Hygge ist ein derzeit vielgehörter und -gelesener dänischer Ausdruck für ein Lebensgefühl, das seinen Ursprung im Norden Europas hat. Die Dänen gelten als besonders glückliches Volk dieses Planeten.
Doch was steckt hinter diesem "Wohlfühl-Konzept", das die Dänen leben, obwohl sie von langen Wintern, kalten Temperaturen und Dunkelheit begleitet werden? Zeitgeist?
"Hygge" ist ursprünglich ein altes norwegisches Wort, die Dänen haben es von den Norwegern übernommen, mit denen sie für Hunderte von Jahren in einem Königreich geeint waren.
Hygge ist, was Behaglichkeit und Wohlgefühl verbreitet, und es ist das Streben nach täglichem Glück. Dabei scheint es den Menschen im Norden gegeben zu sein, Wohlstand und Wohlbefinden gut zu trennen. Hyggelig zu leben bedeutet, Heiterkeit und Zufriedenheit in einem bevorzugt intimen Rahmen zu genießen.
Interessant ist allemal, dass alle nordischen Länder in den Top Ten des World Happiness Reports vertreten sind. Für diesen Glücksbericht werden soziale und ökonomische Umfragedaten einzelner Länder analysiert, wie zum Beispiel Einkommen, Freiheit in den eigenen Entscheidungen, Arbeitsbedingungen und Gesundheit.
"Hygge" zeigt sich in der typisch dänischen Lebenswelt auch deutlich in der dänischen Kultur des Einrichtens; Dänen gelten als begeisterungsfähig für Innenarchtitektur, die Geborgenheit verbreitet. Dabei geht es nicht nur um gutes Aussehen einer Inneneinrichtung, sondern auch darum, dass sich Möbel gut anfühlen.
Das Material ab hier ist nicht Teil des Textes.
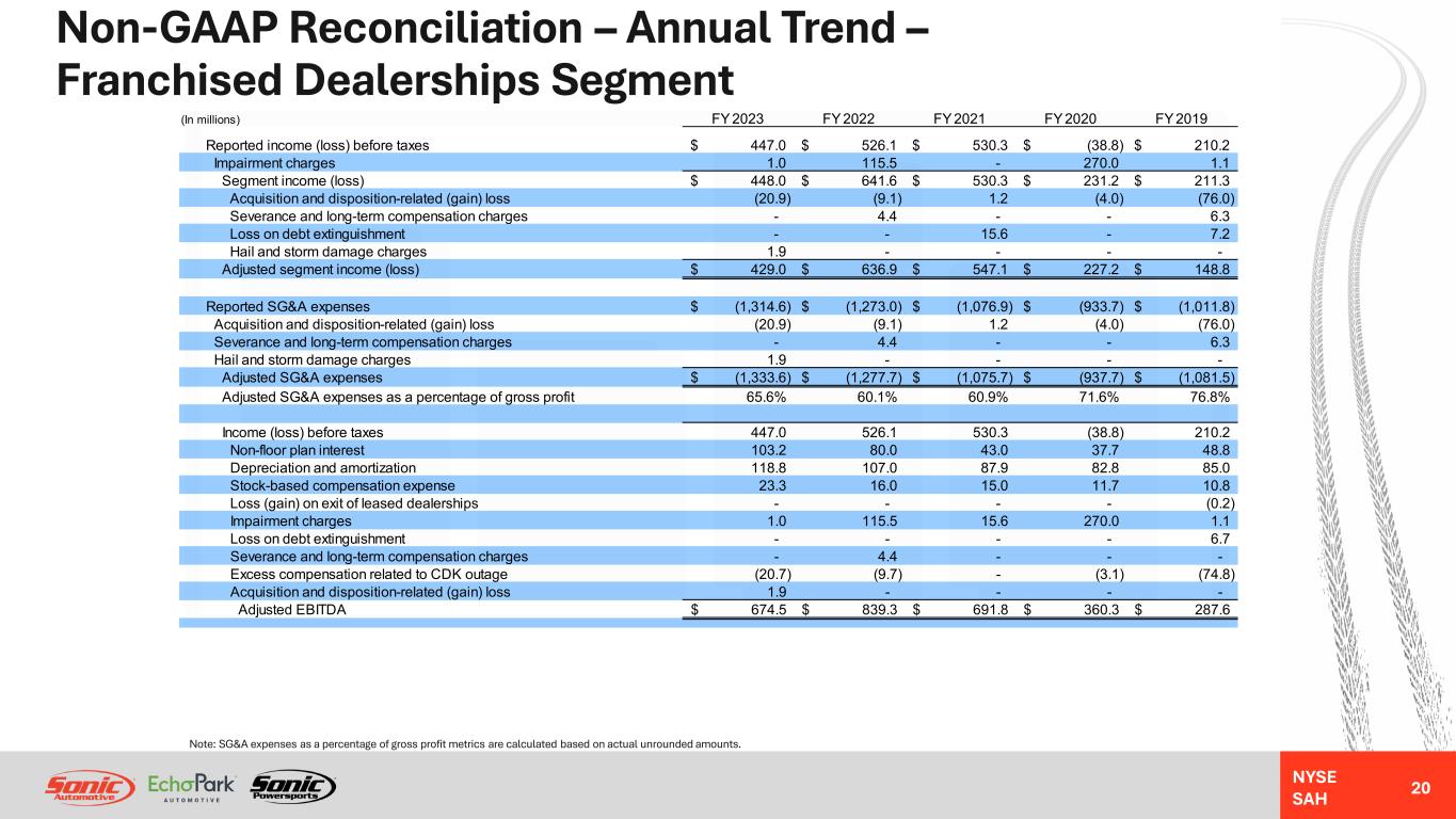 NYSE SAH GAAP Income Statement – Annual Trend – Franchised Dealerships Segment 19 NM = Not MeaningfulNote: Gross profit per unit metrics are calculated based on actual unrounded amounts. FY 2023 Better / (Worse) % Change (In millions, except unit and per unit data) FY 2023 FY 2022 FY 2021 FY 2020 FY 2019 Year-Over-Year Revenues: Retail new vehicles 6,215.0$ 5,581.6$ 4,984.4$ 4,224.4$ 4,777.3$ 11% Fleet new vehicles 92.2 99.4 124.6 56.8 111.9 (7%) Total new vehicles 6,307.2 5,681.0 5,109.0 4,281.2 4,889.2 11% Used vehicles 3,050.3 3,391.5 2,901.0 2,345.9 2,493.5 (10%) Wholesale vehicles 204.5 314.0 257.2 168.7 180.0 (35%) Total vehicles 9,562.0 9,386.5 8,267.2 6,795.8 7,562.7 2% Parts, service and collision repair 1,714.2 1,588.0 1,340.4 1,194.4 1,366.5 8% Finance, insurance and other, net ("F&I") 498.6 510.1 443.5 357.8 363.1 (2%) Total revenues 11,774.8 11,484.6 10,051.1 8,348.0 9,292.3 3% Gross profit: Retail new vehicles 518.7 655.3 458.8 233.2 231.7 (21%) Fleet new vehicles 4.0 4.9 1.5 0.9 1.4 (18%) Total new vehicles 522.7 660.2 460.3 234.1 233.1 (21%) Used vehicles 162.9 174.5 188.1 122.9 147.5 (7%) Wholesale vehicles (3.2) (6.4) 0.6 (0.8) (4.1) 49% Total vehicles 682.4 828.3 649.0 356.2 376.5 (18%) Parts, service and collision repair 852.7 786.7 673.1 595.4 669.0 8% Finance, insurance and other, net 498.5 510.1 443.5 357.8 363.1 (2%) Total gross profit 2,033.6 2,125.1 1,765.6 1,309.4 1,408.6 (4%) SG&A expenses (1,314.6) (1,273.0) (1,076.9) (933.7) (1,011.8) (3%) Impairment charges (1.0) (115.5) - (270.0) (1.1) NM Depreciation and amortization (112.3) (101.8) (84.8) (79.9) (82.6) (10%) Operating income (loss) 605.7 634.8 603.9 25.8 313.1 (5%) Interest expense, floor plan (49.1) (23.6) (11.8) (24.0) (45.1) (108%) Interest expense, other, net (109.7) (85.1) (46.3) (40.7) (51.2) (29%) Other income (expense), net 0.1 - (15.5) 0.1 (6.6) NM Income (loss) from continuing operations before taxes 447.0$ 526.1$ 530.3$ (38.8)$ 210.2$ (15%) Unit sales volume: Retail new vehicles 107,257 99,424 99,815 91,939 111,457 8% Fleet new vehicles 2,000 2,115 3,543 1,342 2,674 (5%) Used vehicles 100,210 108,512 105,457 101,864 112,629 (8%) Wholesale vehicles 20,602 24,052 25,128 24,879 28,379 (14%) Gross profit per unit ("GPU"): Retail new vehicles 4,836$ 6,591$ 4,595$ 2,536$ 2,078$ (27%) Used vehicles 1,626$ 1,607$ 1,784$ 1,207$ 1,310$ 1% F&I 2,403$ 2,453$ 2,160$ 1,846$ 1,620$ (2%)
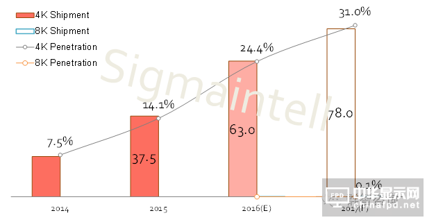 2014~2017全球4K&8K液晶電視面板出貨量及滲透率走勢(單位:百萬臺,%)
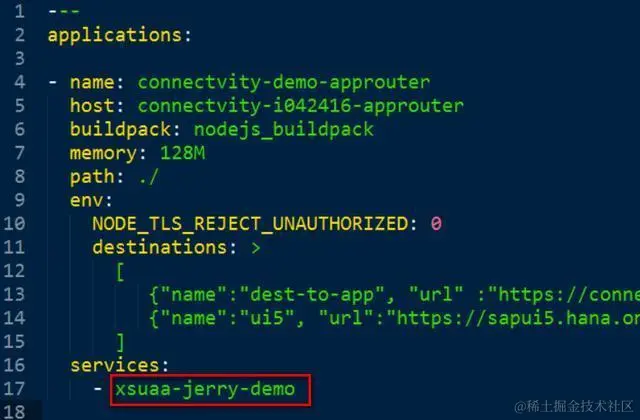 app router在manifest.yml里定义的XSUAA实例名称为xsuaa-jerry-demo,
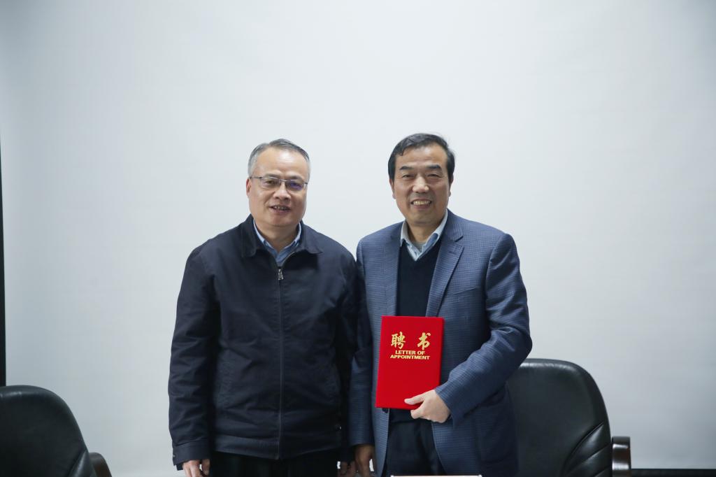 丁巨涛为李秉祥教授颁发聘书,签订了聘任协议。
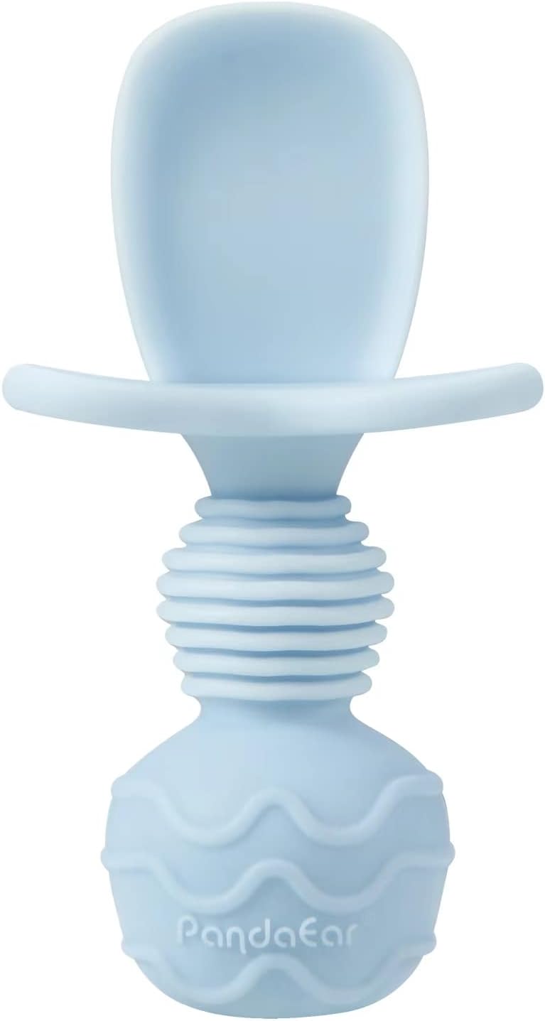 PandaEar 4 Pack Silicone Baby Spoons and Fork Feeding Set- Anti-Choke First Self Feeding Utensils for Baby Led Weaning Ages 3 Months (Cyan+Blue)
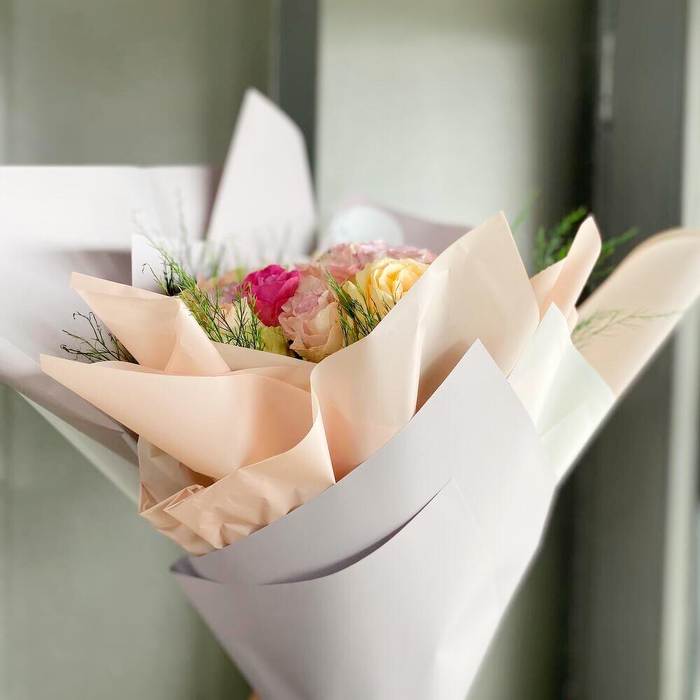Ribbon - 2 adet Pink rose - 10 adet cream rose - 10 adet green leaf - 5 adet bouquet paper - 5 adet lilla rose - 10 adet
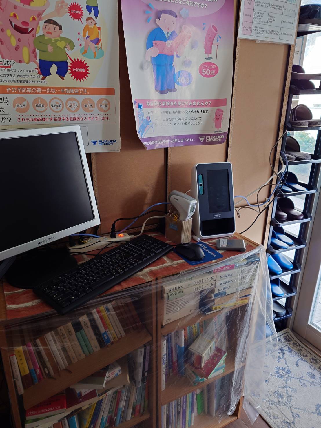 発熱外来にも顔認証システムを設置しております。まずはマイナンバーカードを機械に通してから横にあるパソコンから自動受付ボタンを押してください。
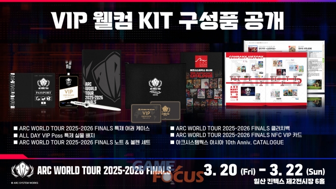 현재 티켓링크를 통해 '아크 월드 투어 2025-2026 파이널'의 ALL DAY VIP Pass를 예매할 수 있다. '길티기어 -스트라이브-'의 주제곡 및 캐릭터 테마송에 보컬로 참여한 보컬 아티스트 'NAOKI'의 첫 내한 라이브 공연 'ARC WORLD TOUR 스페셜 라이브 in KOREA'의 특별 스탠딩 에리어의 선행 입장할 수 있는 우선권을 비롯하여, 파이널 개최를 기념하여 특별 제작되는 기념 굿즈들이 담긴 VIP 웰컴 KIT, 그리고 행사장 내에서 진행되는 각종 이벤트 및 콘텐츠 참가 우대권이 주어지는 ALL DAY VIP Pass의 구매는 행사 종료일인 3월 22일 오후 7시까지 가능하다.
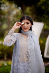 A dupatta in organza with delicate thread embroidered rose cut lace to complete the look.
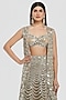 Abhinav Mishra presents a champagne gold lehenga crafted in net base with mirror, zari and gota work. It is paired with a blouse and a jacket. Adorn this refined silhouette with diamond accents, dewy sculpted makeup and a graceful braided hair style for understated sangeet elegance.
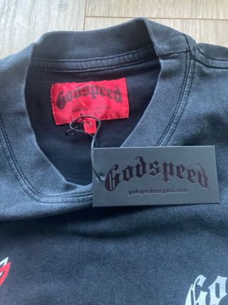Camiseta negra con diseño gráfico. !!!ABIERTO A DISCUTIR EL PRECIO!!! - Logo de Godspeed en blanco. - Detalle gráfico en el pecho izquierdo y en espalda
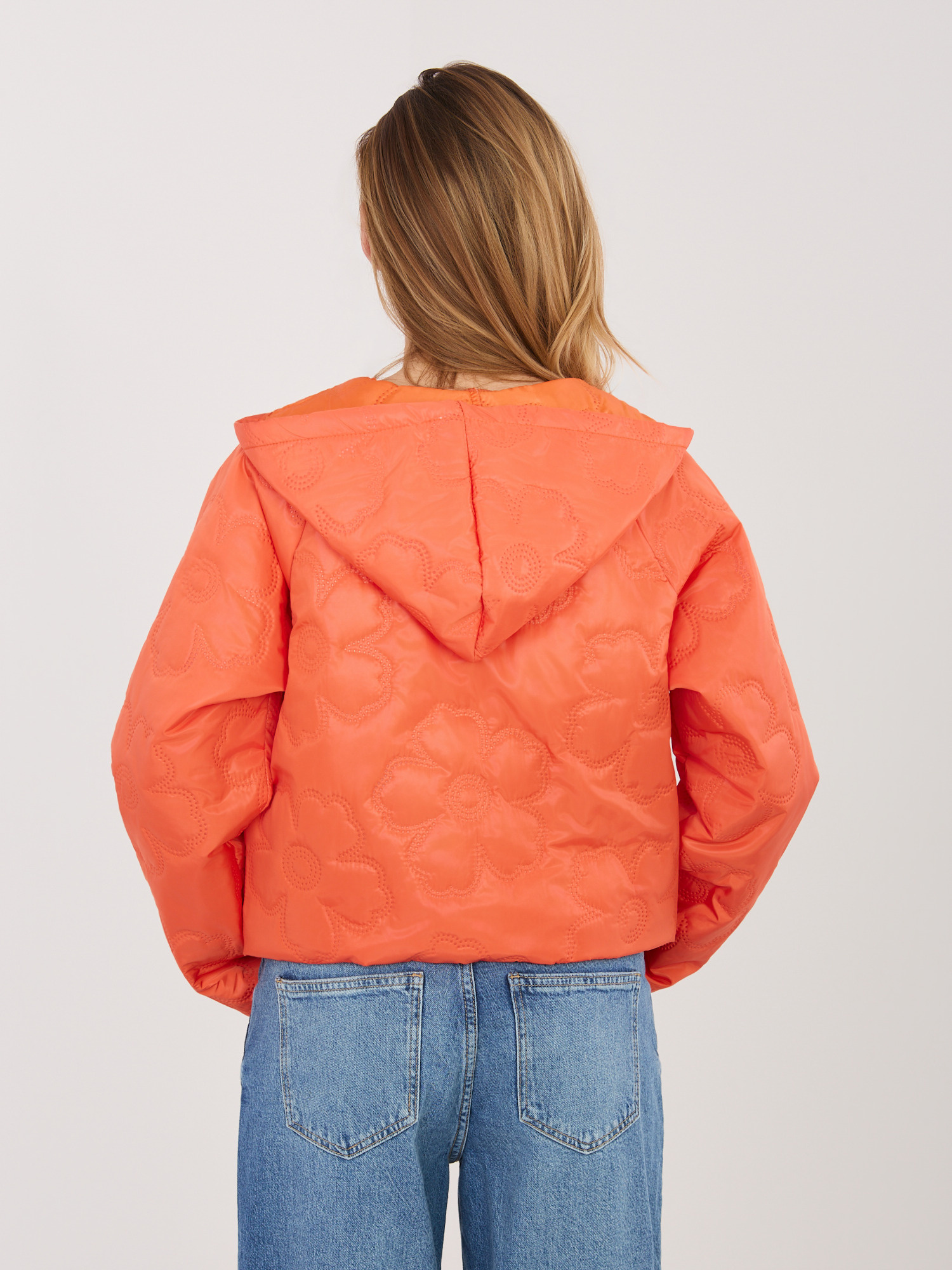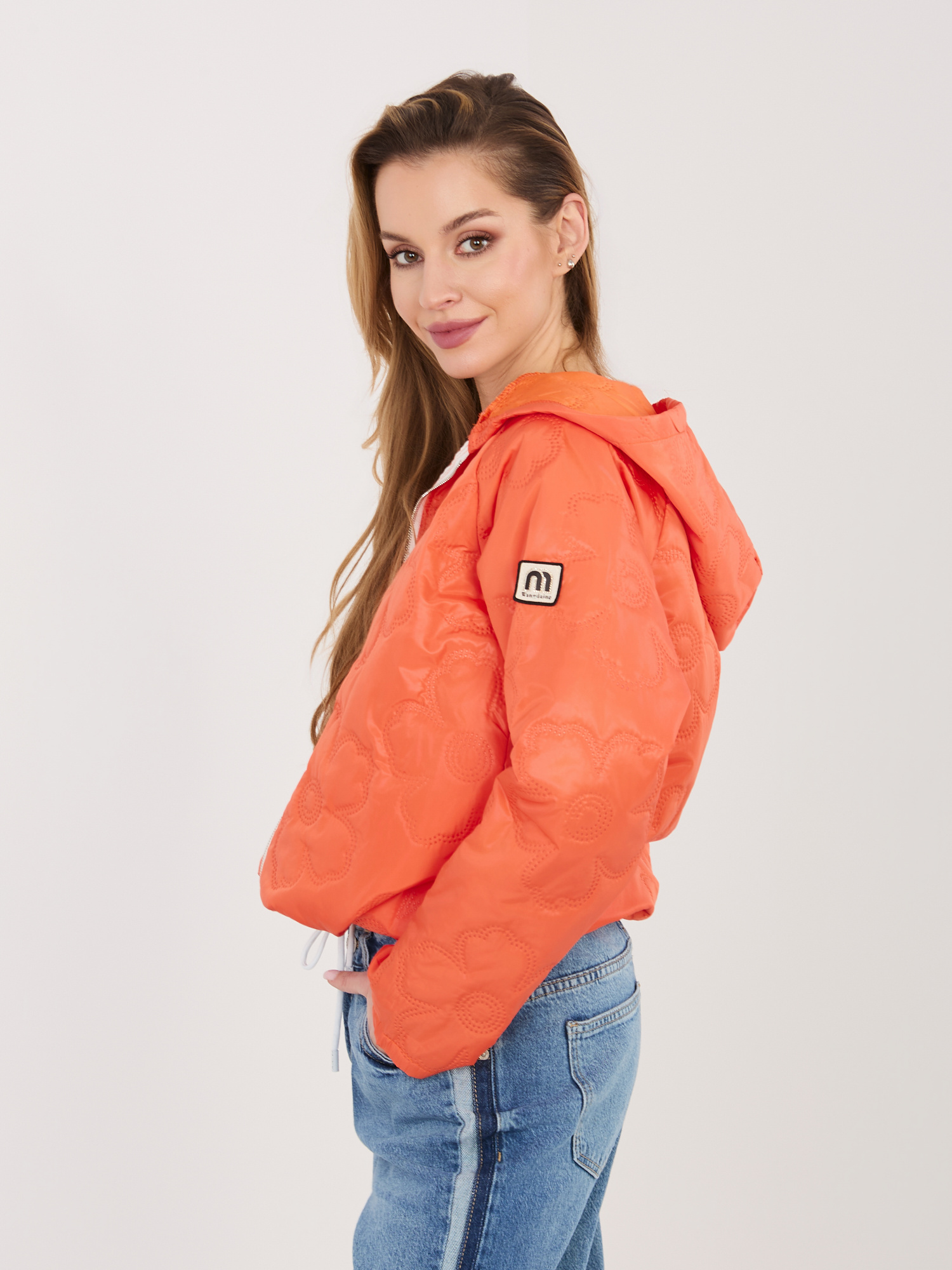 Pomarańczowa pikowana kurtka z kapturem RUE PARIS .
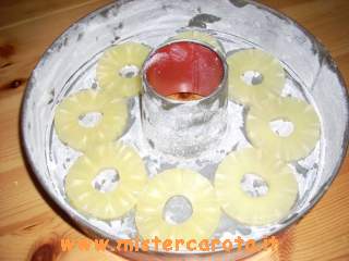Prendere lo stampo infarinato e distribuire sul fondo le fette di ananas spolverare con zucchero.
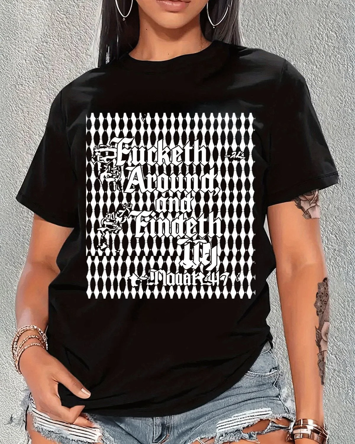 Fudgeth Around and Findeth Out Proverbs 4.7 Summer Cotton Graphic T Shirt - Casual Vintage,Short Sleeve,Soft Fabric,Comfortable Fit
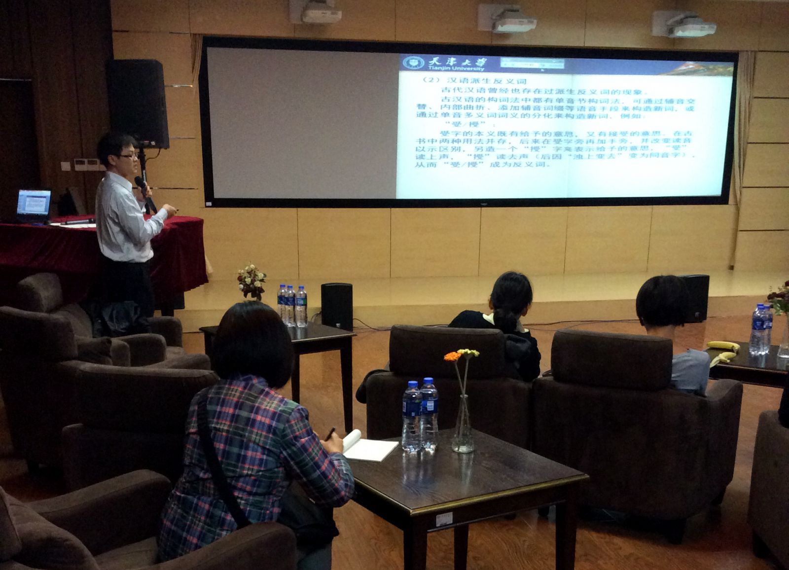 王用源老师从比较语言学、对比语言学、通过英汉词汇的对比考察两种语言的对比、加强中文学科和英文学科的合作四个方面表达了自己的看法。王用源老师着重重叠构词、反义构词、并列构词两个方面分析了中英两种语言的异同。他生动的语言,详实的举例令在场的老师同学领略到了语言的博大精深,并且感受到了中英语言之间巧妙联系。在学术报告接近尾声的时候,王用源老师还提出了在天大这样的工科院校,研究中英文之间的异同同样具有重要的意义。该领域的在解决中英对照软件设计,人工智能等方面都具有良好的发展前景。

Wohnen wird also auch als ein Fest für die Sinne verstanden: Denn wenn unsere Hände Holz und Keramik berühren, fühlt sich das komplett anders an als der Kontakt unseres größten Sinnesorgans mit Stahl, Glas oder Kunststoff.
Zum "Hygge-Gefühl" können Düfte genauso beitragen wie ein Paar Wollsocken, ein kuscheliger Pullover, ein köstlicher Tee oder Schokolade. Süßes Soulfood ist eben auch Bestandteil von Hygge.
Das soziale Leben der Dänen spielt sich bevorzugt in ihrem Zuhause ab, was für einen Südländer, der gerne in Cafés auf Freunde trifft, möglicherweise nicht ganz nachvollziehbar ist. Ein Italiener meint vielleicht: Wer braucht "Hygge", wenn er das "Dolce Vita" haben kann? Südländische Temperaturen, Sonne, Strand und Meer und ein Gläschen Wein sollen also auch Seelen wärmen; Wollsocken, Tee und Kuschelpullover exklusive.
Glück findet sich sicherlich in unterschiedlichen Lebensarten, wahrscheinlich gibt es allerdings auch einige Berührungspunkte: Gaumenfreuden spielen offensichtlich hier wie dort eine nicht wegzudenkende Rolle, Freunde sind wichtig, Alltag und Sorgen sollen keinen Zugang zur heilen Welt haben.
Nachdenklich macht mich, dass die meisten Menschen unserer westlichen Lebenswelt mit Sicherheit zuviel Augenmerk darauf legen, scheinbaren gesellschaftlichen und beruflichen Erfolgen hinterher zu hasten. Als Ausgleich finden sie sich von Zeit zu Zeit in teuren Wellnessoasen, die versprechen, der ideale Ort dafür zu sein, einmal "die Seele baumeln zu lassen". Doch: Wollen wir das wirklich, der Seele beim unausgeglichenen Baumeln zusehen?
Einerlei, was uns näher ist - Hygge oder Dolce Vita? -, letztendlich zählt wohl nur, in der Gegenwart zu leben und zu sein!
„Keine Zukunft vermag gutzumachen, was du in der Gegenwart versäumst“, das meinte schon Albert Schweitzer.